Las dependencias en Tifariti. Delante de la casa donde dormíamos.
Fui aprendiendo a soltar el trabajo… fue muy importante. Seguía lloviendo. El bordado marca un tiempo distinto, un lugar de comunicación. La tela, el hilo, el abecedario de un lenguaje. Todo comenzó a estar húmedo, caía una lluvia torrencial. La inmensidad se tapó con una pared de agua, una veladura. Se veía que la lluvia abarcaba grandes extensiones. Pudimos trasladarnos al salón comedor. Se había dispuesto todo para la charla con el
general Sidi, del frente Polisario. Una reunión de bienvenida a la que se sumaba el diálogo sobre las lluvias inesperadas. Las lluvias cambiaban el plan de regreso. Ya no saldríamos al otro día, había que esperar noticias de cómo estaba el suelo del desierto para poder atravesarlo... y esperar que no siguieran las lluvias. Luego de la charla, el espacio se preparó para el almuerzo. Ese día hubo papas fritas, que se terminaron en segundos, certificado que la papa frita es un alimento deseado internacionalmente.

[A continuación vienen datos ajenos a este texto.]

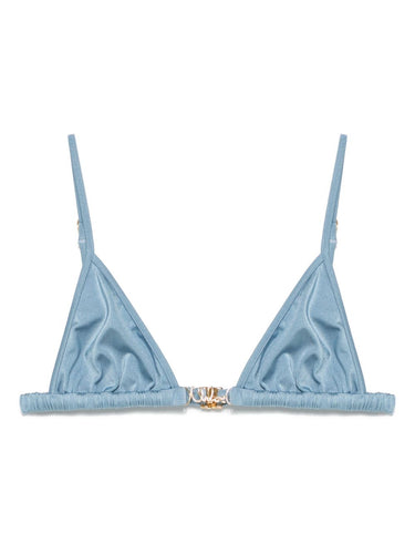 cobalt blue clasp fastening adjustable spaghetti straps triangle cup Be mindful to try on swimwear over your own garments. Bikini top with logo plate
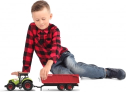 Ein moderner Traktor mit rotem Anhänger aus der Kollektion Meine kleine Farm erfreut jeden kleinen Landwirt. Er bietet Licht- und Geräuscheffekte, einen Schwungradantrieb für sanfte Fahrt und einen abnehmbaren Anhänger für noch mehr Spielmöglichkeiten. Batterien sind im Lieferumfang enthalten.

Volvimos a la jaima, cayó nuevamente una fuerte lluvia, las nubes en lo alto pasaban veloces. Seguí el bordado: una síntesis de la flor de Amayiy. Seguía lloviendo, ya no fuerte. En la habitación oscura era difícil bordar. La electricidad se daba a partir de las 19:00 h. Volví a la jaima para ver qué pasaba. De repente paro la lluvia, y el cielo fue un espectáculo de nubes negras, blancas, rosas, grises, de formas arremolinadas, con capas de nubes superpuestas, cúmulos inmensos rodando por el cielo a
distintas velocidades con matices turquesas y verdes. Comenzó a salir el sol. Así como vino la lluvia comenzó a retirarse. Tumultuosa y tronando en las alturas se fue, despidiéndose con un magnífico arcoíris. La lluvia se fue. El paisaje era grandioso. Eran las horas de la tarde, el sol caía rasante, anaranjándolo todo. El agua creaba nuevas formas en la tierra. Aparecieron ríos de grandes caudales en las cuencas que hasta hacía pocas horas habíamos recorrido caminando. Impresionaba la aparición de estos ríos, que armaban como venas brillantes en la planicie reflejando el sol dorado. El desierto mostraba su cara vital al
descubierto. Se abría el paisaje como una flor. Desde una de las lomas contemplé ese despliegue grandioso. De regreso compartimos un té en nuestra sala y seguimos bordando. La noche se puso fría. El cielo se colmó de estrellas, como si las gotas de lluvia hubiesen rebotado en la arena transformándose en luz y salpicando el azul profundo de la noche. En los espacios infinitos, el cielo parece caer por los costados como si pudiéramos llegar a tocarlo o saltar y entrar en él. Otro día en el desierto.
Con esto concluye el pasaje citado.